- _What the task requires_: Transcribe the entries below word for word, beginning at the line with "- Color: Transparent;" and stopping after the line with "Miranda, white hair, long"; drop all pictures.

- _Working data_:
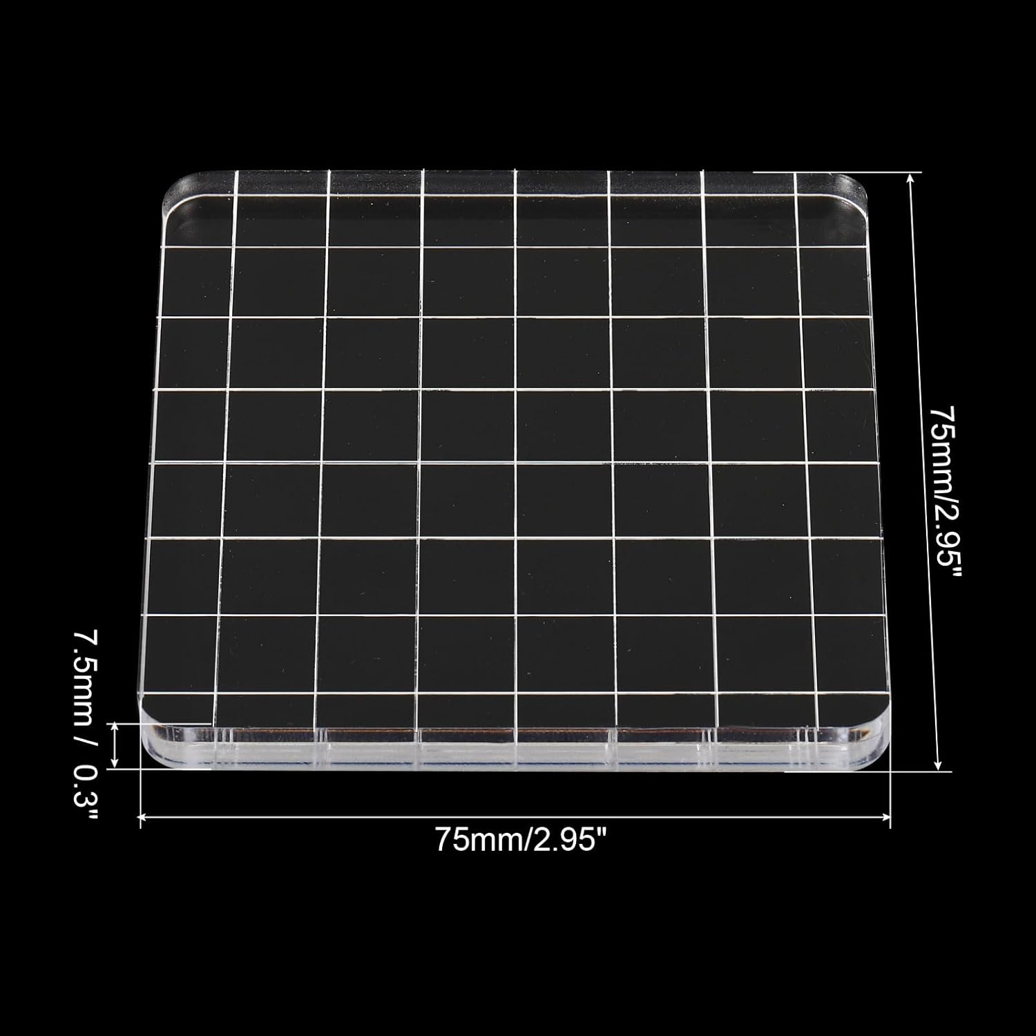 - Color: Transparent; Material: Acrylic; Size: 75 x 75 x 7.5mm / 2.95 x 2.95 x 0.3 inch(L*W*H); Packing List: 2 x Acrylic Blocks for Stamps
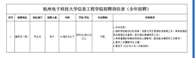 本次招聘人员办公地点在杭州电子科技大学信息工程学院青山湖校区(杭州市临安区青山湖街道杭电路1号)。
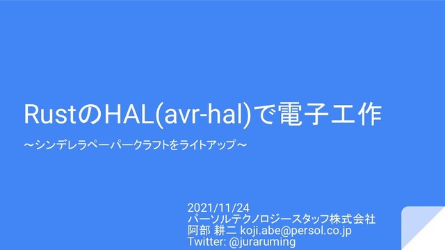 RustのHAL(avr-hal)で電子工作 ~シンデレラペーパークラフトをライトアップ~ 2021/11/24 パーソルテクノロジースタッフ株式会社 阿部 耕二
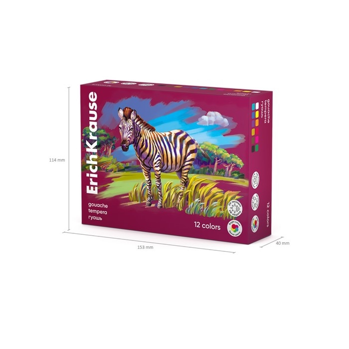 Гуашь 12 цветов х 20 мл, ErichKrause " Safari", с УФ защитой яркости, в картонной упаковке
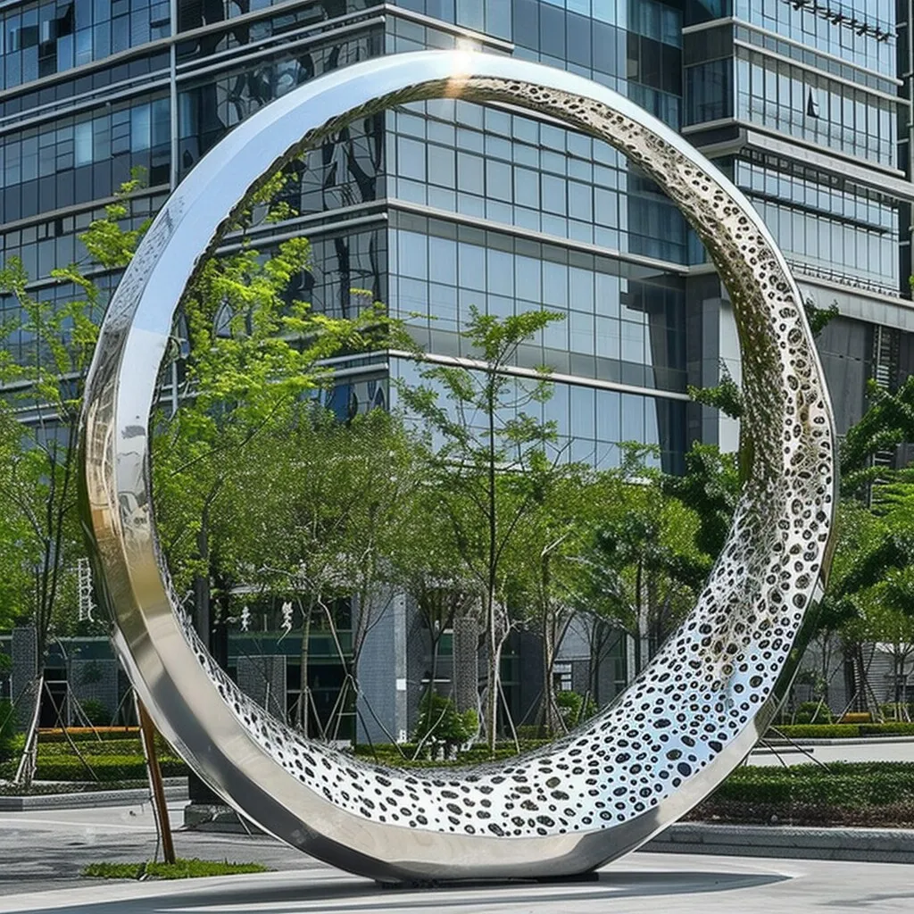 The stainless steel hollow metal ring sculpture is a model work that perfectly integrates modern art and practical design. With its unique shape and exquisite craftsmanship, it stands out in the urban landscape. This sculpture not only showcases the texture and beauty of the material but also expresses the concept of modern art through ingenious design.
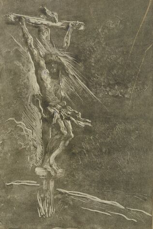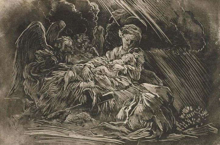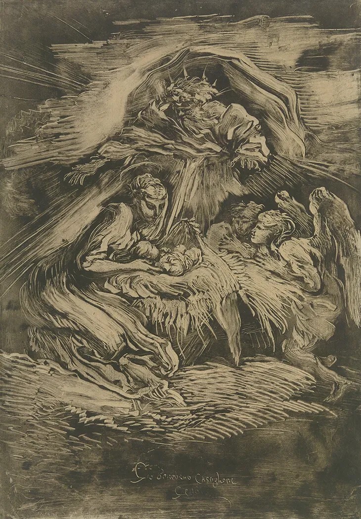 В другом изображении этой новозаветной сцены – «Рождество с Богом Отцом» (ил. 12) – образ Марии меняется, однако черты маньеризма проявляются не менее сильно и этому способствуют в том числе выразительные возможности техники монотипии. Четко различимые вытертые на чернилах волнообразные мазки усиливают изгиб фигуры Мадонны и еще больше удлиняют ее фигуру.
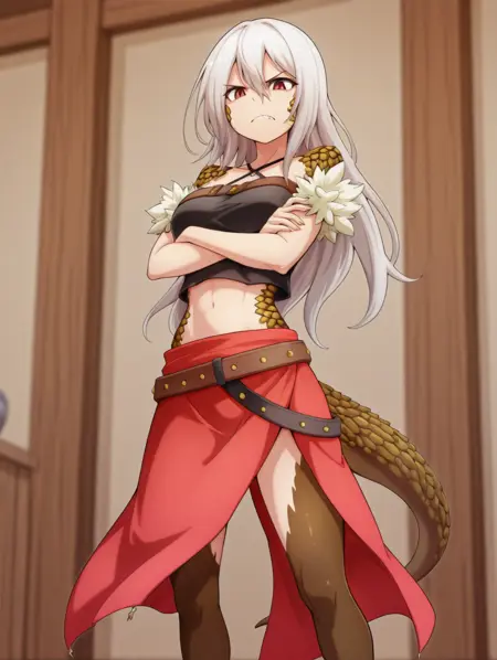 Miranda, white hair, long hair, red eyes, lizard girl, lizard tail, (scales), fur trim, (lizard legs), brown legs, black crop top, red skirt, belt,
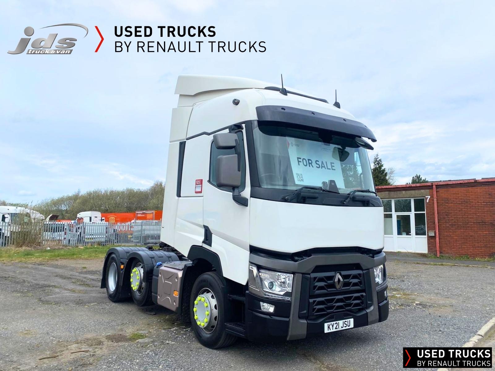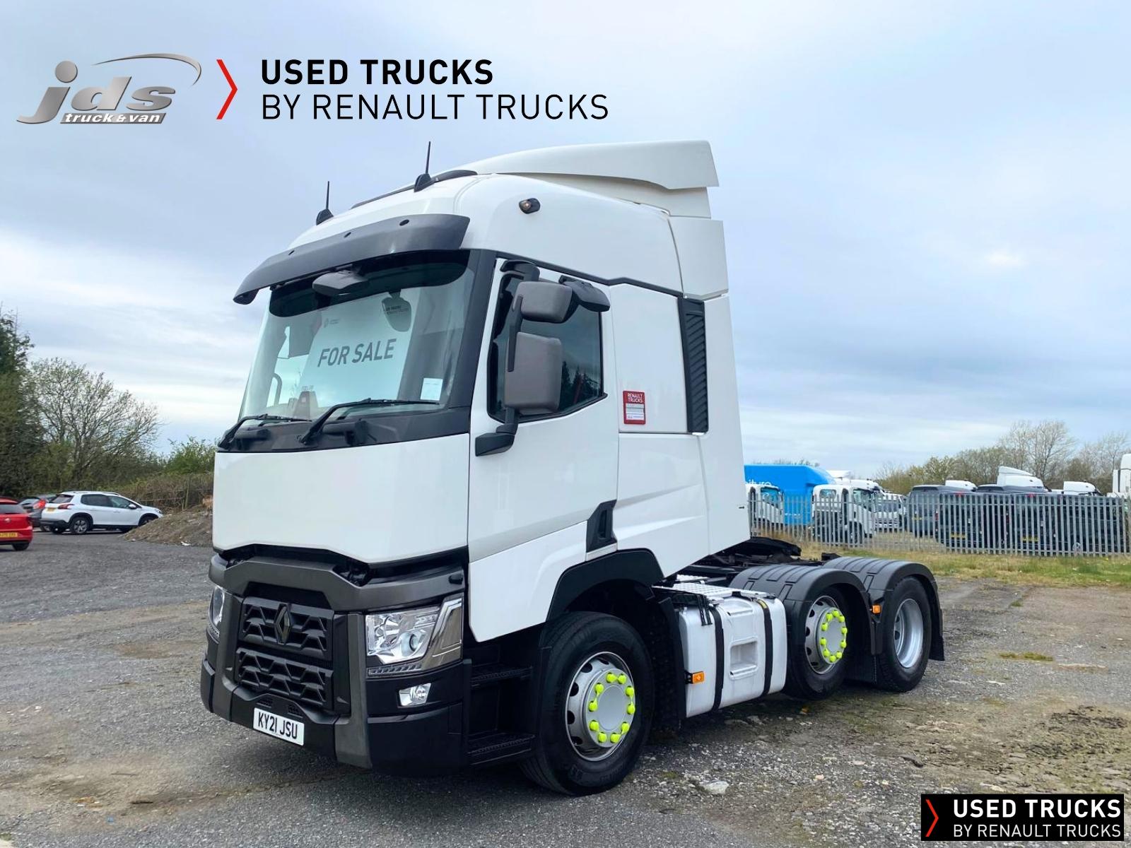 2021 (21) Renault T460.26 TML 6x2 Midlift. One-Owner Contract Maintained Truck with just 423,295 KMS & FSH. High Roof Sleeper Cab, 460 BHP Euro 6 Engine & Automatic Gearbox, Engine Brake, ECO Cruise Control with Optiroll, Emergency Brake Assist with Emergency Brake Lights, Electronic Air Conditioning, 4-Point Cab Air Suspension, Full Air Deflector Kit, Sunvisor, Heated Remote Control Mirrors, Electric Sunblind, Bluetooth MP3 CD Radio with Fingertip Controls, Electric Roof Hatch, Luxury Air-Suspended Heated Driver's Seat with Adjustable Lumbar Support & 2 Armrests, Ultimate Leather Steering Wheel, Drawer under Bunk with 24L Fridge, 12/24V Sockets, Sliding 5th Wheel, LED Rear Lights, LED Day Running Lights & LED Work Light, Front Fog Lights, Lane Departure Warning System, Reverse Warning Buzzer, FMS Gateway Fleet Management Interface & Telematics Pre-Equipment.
==
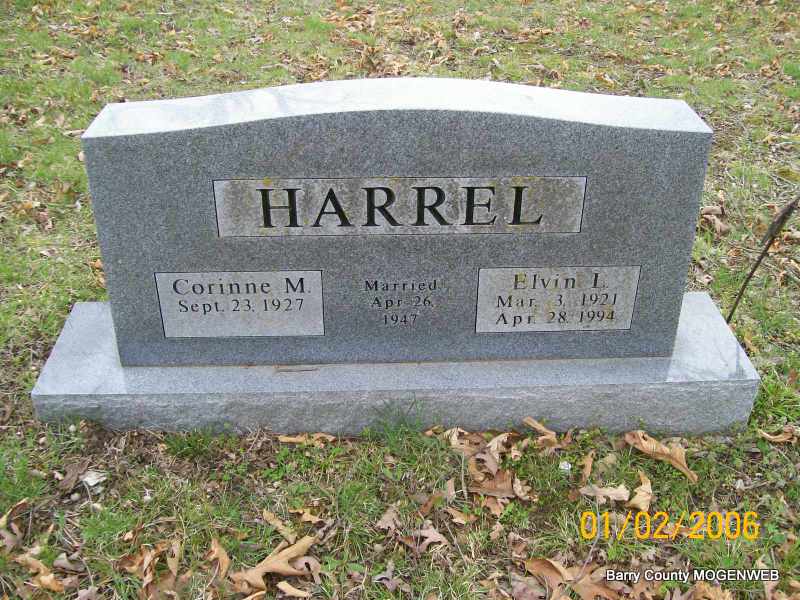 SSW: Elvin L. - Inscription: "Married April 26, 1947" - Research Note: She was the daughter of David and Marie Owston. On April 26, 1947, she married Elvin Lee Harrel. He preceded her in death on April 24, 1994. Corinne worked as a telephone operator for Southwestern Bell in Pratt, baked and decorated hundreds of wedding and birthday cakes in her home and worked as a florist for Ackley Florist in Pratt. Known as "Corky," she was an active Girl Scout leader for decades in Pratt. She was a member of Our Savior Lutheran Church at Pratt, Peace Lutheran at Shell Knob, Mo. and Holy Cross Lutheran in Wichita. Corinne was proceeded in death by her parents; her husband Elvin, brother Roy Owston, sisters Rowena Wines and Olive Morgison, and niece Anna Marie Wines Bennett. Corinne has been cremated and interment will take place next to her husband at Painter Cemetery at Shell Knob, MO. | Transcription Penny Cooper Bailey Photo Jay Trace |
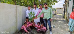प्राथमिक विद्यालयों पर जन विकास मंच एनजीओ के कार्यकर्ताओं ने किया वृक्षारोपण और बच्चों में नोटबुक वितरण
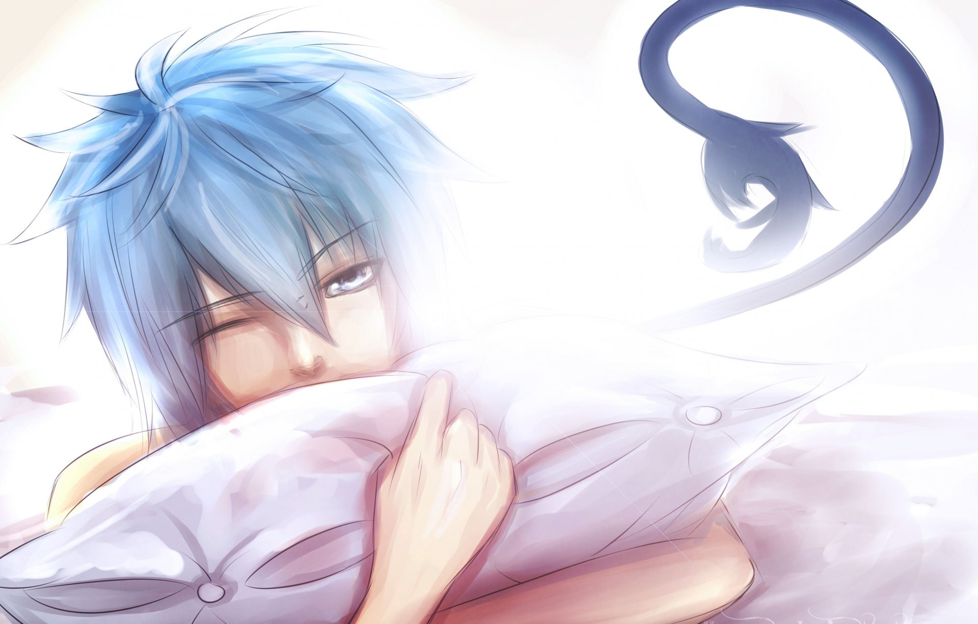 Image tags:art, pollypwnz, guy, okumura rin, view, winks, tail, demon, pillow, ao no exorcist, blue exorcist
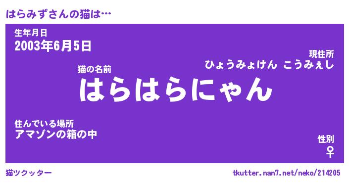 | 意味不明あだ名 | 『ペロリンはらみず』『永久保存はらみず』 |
---
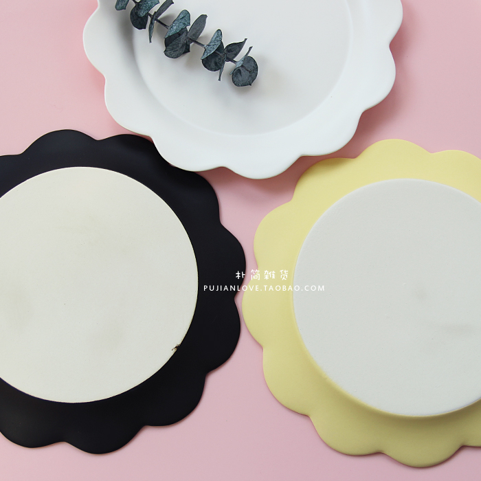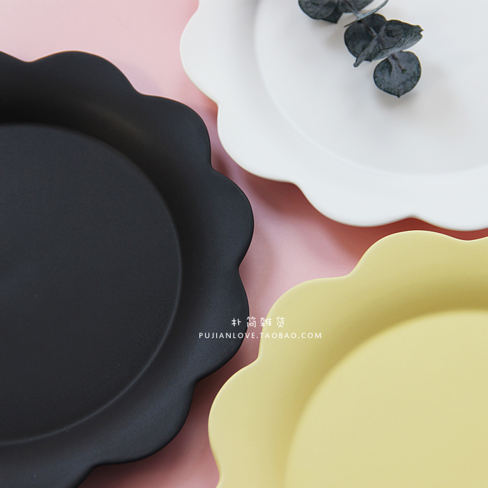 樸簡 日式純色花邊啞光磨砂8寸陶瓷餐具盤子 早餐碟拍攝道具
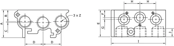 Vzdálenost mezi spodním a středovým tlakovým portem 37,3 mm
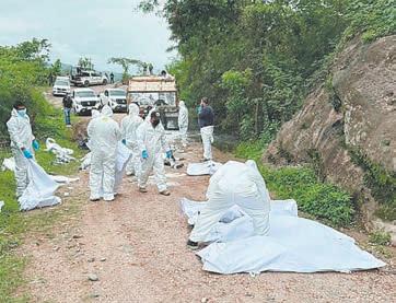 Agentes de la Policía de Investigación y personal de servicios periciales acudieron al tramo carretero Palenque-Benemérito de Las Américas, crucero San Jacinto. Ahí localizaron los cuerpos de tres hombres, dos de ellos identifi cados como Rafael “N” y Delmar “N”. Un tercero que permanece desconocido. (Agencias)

- _Task response_:
 - Color: Transparent; Material: Acrylic; Size: 75 x 75 x 7.5mm / 2.95 x 2.95 x 0.3 inch(L*W*H); Packing List: 2 x Acrylic Blocks for Stamps
 本次招聘人员办公地点在杭州电子科技大学信息工程学院青山湖校区(杭州市临安区青山湖街道杭电路1号)。
 RustのHAL(avr-hal)で電子工作 ~シンデレラペーパークラフトをライトアップ~ 2021/11/24 パーソルテクノロジースタッフ株式会社 阿部 耕二
 Гуашь 12 цветов х 20 мл, ErichKrause " Safari", с УФ защитой яркости, в картонной упаковке
 The stainless steel hollow metal ring sculpture is a model work that perfectly integrates modern art and practical design. With its unique shape and exquisite craftsmanship, it stands out in the urban landscape. This sculpture not only showcases the texture and beauty of the material but also expresses the concept of modern art through ingenious design.
 В другом изображении этой новозаветной сцены – «Рождество с Богом Отцом» (ил. 12) – образ Марии меняется, однако черты маньеризма проявляются не менее сильно и этому способствуют в том числе выразительные возможности техники монотипии. Четко различимые вытертые на чернилах волнообразные мазки усиливают изгиб фигуры Мадонны и еще больше удлиняют ее фигуру.
 Miranda, white hair, long hair, red eyes, lizard girl, lizard tail, (scales), fur trim, (lizard legs), brown legs, black crop top, red skirt, belt,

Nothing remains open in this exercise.